I have a query that needs to get the first and second highest sku in each members wishlist. The below query works, but it takes way too long because there’s about 9 million users and each user has about 10 wishlist items, so you can see that the query below will never finish.

SELECT MAX(CASE WHEN wl.rank = 1 THEN wl.SKU ELSE NULL END) AS [highestSku],
       MAX(CASE WHEN wl.rank = 2 THEN wl.SKU ELSE NULL END) AS [secondHighestSku],
FROM Member m
     LEFT JOIN (SELECT *
                 FROM (SELECT DENSE_RANK() OVER (PARTITION BY wl.MemberID ORDER BY wli.Price DESC) AS rank, wl.MemberID, wli.SKU
                       FROM WishListItem wli
                            INNER JOIN WishList wl ON wli.WishListID = wl.ID) T1) w ON w.MemberID = m.ID

My question is, is there a better way to get the top first and second records for each user? If not, is there a way I can optimize this query? Ideally, if I can restirct the number of tiems pulled back from the ranking query (the one with the DENSE_RANK()) that will help me out. I wanted to do something like WHERE DENDS_RANK() <= 2, but that’s not possible, and doing it outside of the brackets defeats the purpose of the soultion.

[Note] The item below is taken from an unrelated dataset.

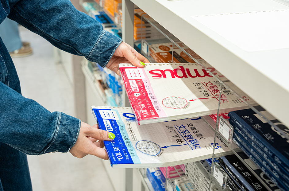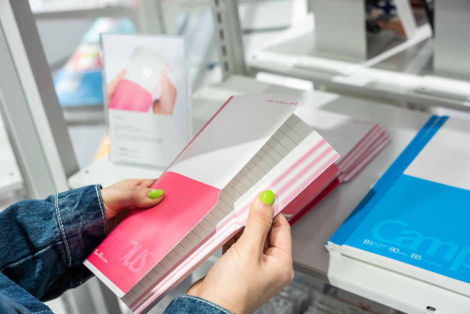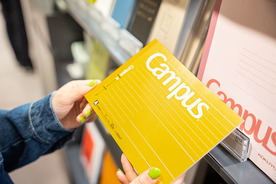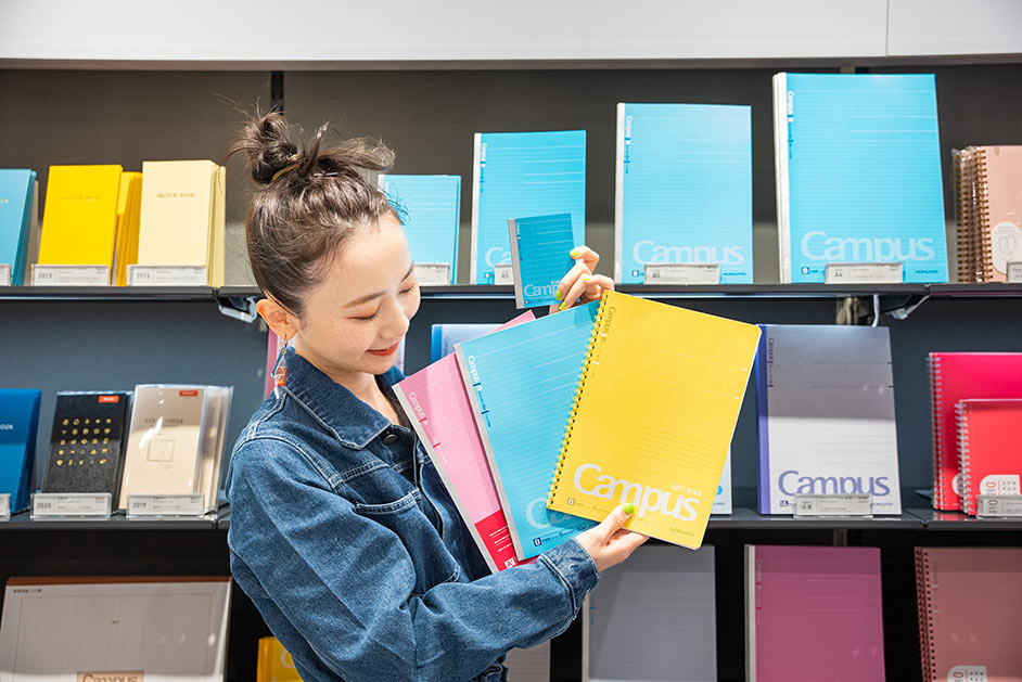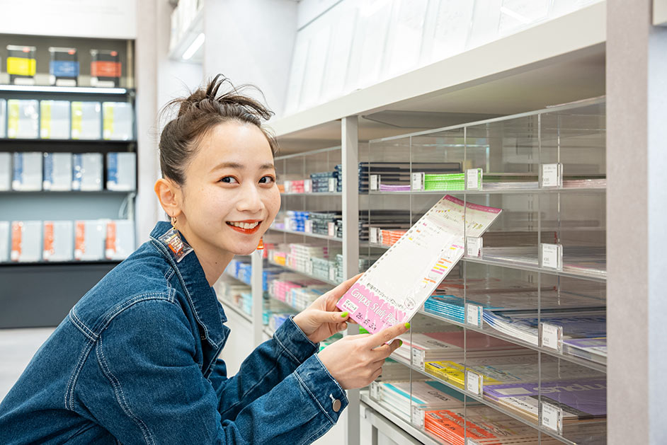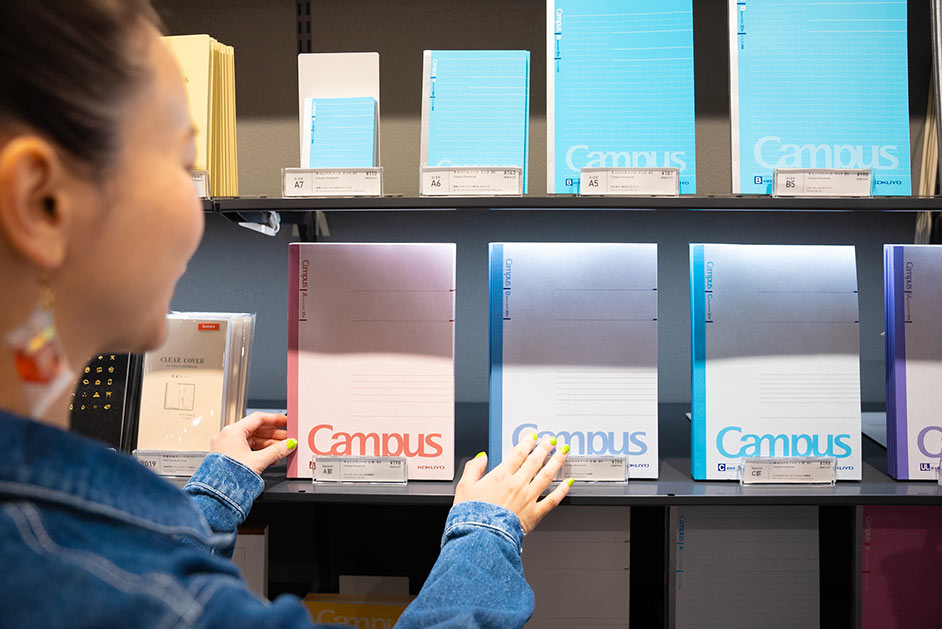 多くのユーザーに愛され続ける「Campus(キャンパス)」シリーズのノートはサイズや種類も豊富。「高校の頃はB罫の方が大人っぽくて、イケてるって認識がありましたね(笑)」と三戸さんも学生時代を振り返っていました。

Also, this is just part of the query. I actually have even more left joins across more tables that have just as many items, and I need to get the top 1 and 2 records for each user.

And this needs to be done in one query, or as much as possible in one because I’m throwing it in a data table. I can also reduce the number of records, ie. TOP 1000, and break up the query, but I will need to be able to continue from where I left off… also, I did try TOP 1000, and after 10 minutes, I cancelled the query because I need to get all 9 million records out.